Jika dikatakan dulu, DPA tidak berfungsi optimal, yang salah bukan lembaganya, tetapi lebih kepada pelaksanaannya, operasionalnya.

Rakyat tentu sangat berharap dewan penasehat , dewan pertimbangan agung, dewan pertimbangan negara atau apa pun namanya nantinya lebih berperan menjalankan tugasnya demi kemajuan dan kejayaan bangsa sebagaimana peran Penasihat Agung di masa keemasan Kerajaan Majapahit.

Jika pada keanggotaan DPA mendatang, misalnya terdapat mantan presiden, hendaknya bukan semata sebagai bentuk penghargaan, tetapi benar – benar sebuah kebutuhan. Bukan pula sebatas simbolisasi politik dukungan, tetapi lebih kepada tujuan politik yang mulia dalam membangun bangsa dan negara.

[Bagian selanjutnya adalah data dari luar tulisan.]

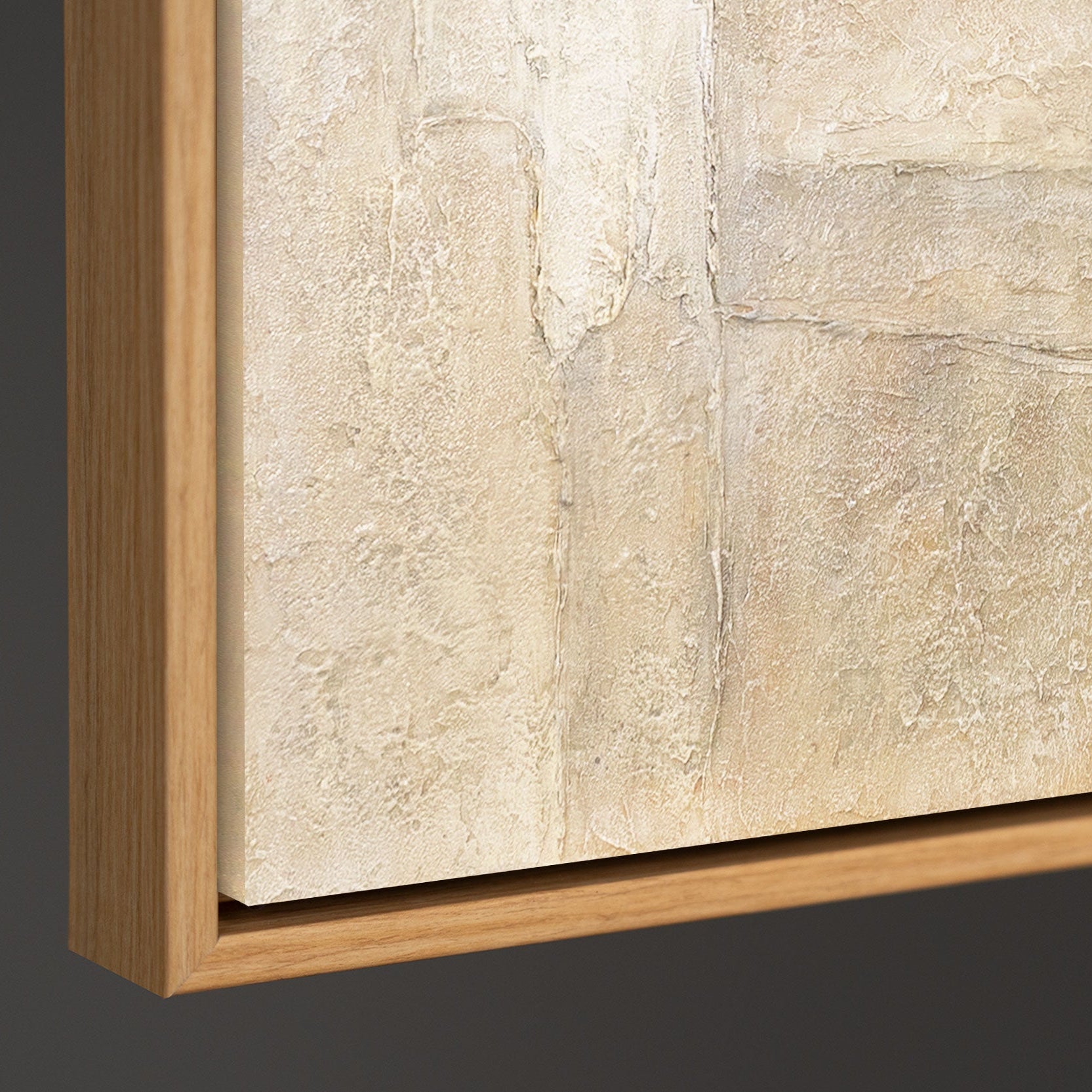 "Verticals of Time" is a serene, structured abstract painting that creates a clear, balanced composition through horizontal and vertical layering. The gentle transitions between beige, gray, and warm natural tones are reminiscent of geological formations and lend the acrylic painting a quiet depth. The finely detailed surface underscores the hand-painted character of this work.

Tak kalah pentingnya, siapa pun yang duduk sebagai anggota DPA, harus memberi nilai tambah bagi kejayaan bangsa. Singkirkan sikap “ewuh pakewuh- tidak enak hati, merasa sungkan” ketika harus memberikan masukan dan pertimbangan kepada presiden, baik diminta maupun tidak diminta.

Sebagai manusia apapun profesinya, dimanapun berada harus memberikan nilai tambah bagi sekelilingnya. Lebih – lebih pejabat negara wajib memberi keteladanan dalam memberikan nilai tambah bagi kemajuan masyarakat, bangsa dan negara seperti acap disinggung Pak Harmoko dalam kolom “Kopi Pagi” dimedia ini.

Setidaknya memberi nilai tambah bagi diri sendiri, dengan menjalankan tugas dan profesinya secara baik dan benar. Tidak melanggar aturan.Tidak memanfaatkan status dan jabatannya, lebih – lebih menyalahgunakannya untuk kepentingan pribadi dan koleganya. (Azisoko).